Below this line is a set of entries; quote exactly the lines from the line that contains "винтов, инструкция |" to the line that contains "手錶採用43mm不鏽鋼錶殼,搭配圓弧形藍", both lines included.
Data to use: Begin
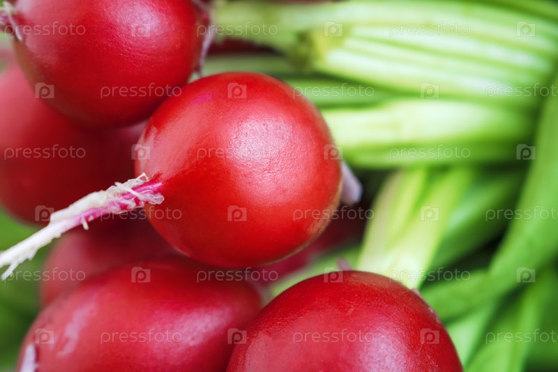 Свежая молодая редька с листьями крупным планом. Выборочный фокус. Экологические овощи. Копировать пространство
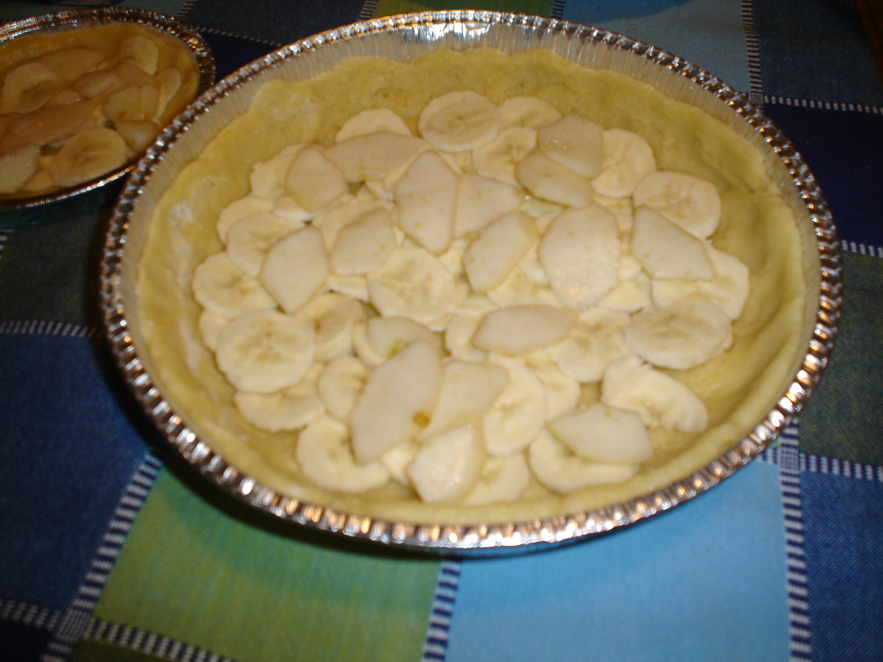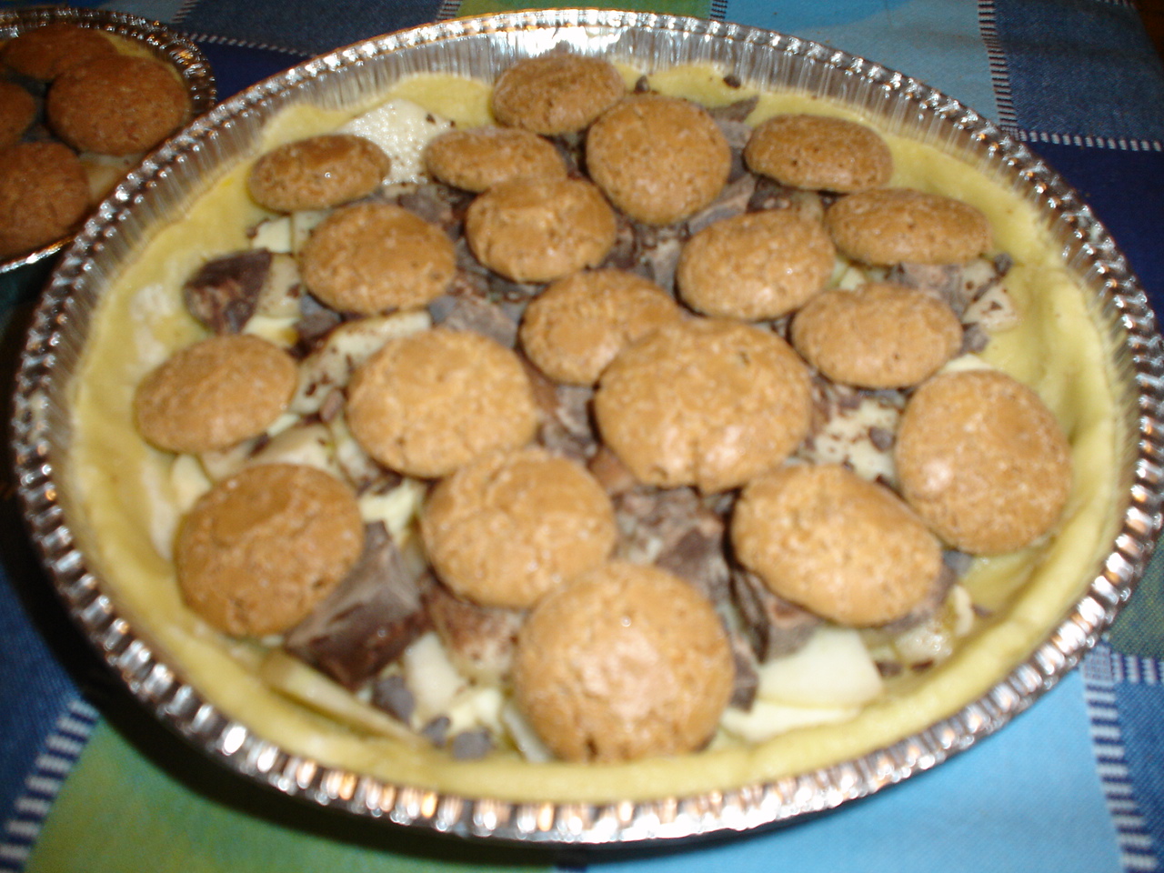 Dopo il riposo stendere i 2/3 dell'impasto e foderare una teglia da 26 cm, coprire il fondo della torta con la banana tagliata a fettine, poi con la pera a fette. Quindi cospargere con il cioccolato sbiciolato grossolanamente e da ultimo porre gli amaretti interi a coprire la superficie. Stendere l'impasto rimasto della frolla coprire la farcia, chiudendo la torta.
Data to use: End
Data to use: Begin
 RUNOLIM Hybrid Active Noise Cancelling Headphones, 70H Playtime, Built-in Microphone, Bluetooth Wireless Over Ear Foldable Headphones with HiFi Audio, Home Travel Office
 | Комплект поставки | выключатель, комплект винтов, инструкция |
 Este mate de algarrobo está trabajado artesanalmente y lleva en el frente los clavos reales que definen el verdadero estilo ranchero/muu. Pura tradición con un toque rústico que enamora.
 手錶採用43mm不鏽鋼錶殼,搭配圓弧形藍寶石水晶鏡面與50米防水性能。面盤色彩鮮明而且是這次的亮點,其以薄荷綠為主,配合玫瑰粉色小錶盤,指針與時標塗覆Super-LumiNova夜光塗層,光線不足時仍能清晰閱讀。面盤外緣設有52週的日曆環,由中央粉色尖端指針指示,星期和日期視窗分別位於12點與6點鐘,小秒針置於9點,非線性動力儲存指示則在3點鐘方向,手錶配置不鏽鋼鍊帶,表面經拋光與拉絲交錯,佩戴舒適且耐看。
Data to use: End
**Response for this exercise**
 | Комплект поставки | выключатель, комплект винтов, инструкция |
 Este mate de algarrobo está trabajado artesanalmente y lleva en el frente los clavos reales que definen el verdadero estilo ranchero/muu. Pura tradición con un toque rústico que enamora.
 手錶採用43mm不鏽鋼錶殼,搭配圓弧形藍寶石水晶鏡面與50米防水性能。面盤色彩鮮明而且是這次的亮點,其以薄荷綠為主,配合玫瑰粉色小錶盤,指針與時標塗覆Super-LumiNova夜光塗層,光線不足時仍能清晰閱讀。面盤外緣設有52週的日曆環,由中央粉色尖端指針指示,星期和日期視窗分別位於12點與6點鐘,小秒針置於9點,非線性動力儲存指示則在3點鐘方向,手錶配置不鏽鋼鍊帶,表面經拋光與拉絲交錯,佩戴舒適且耐看。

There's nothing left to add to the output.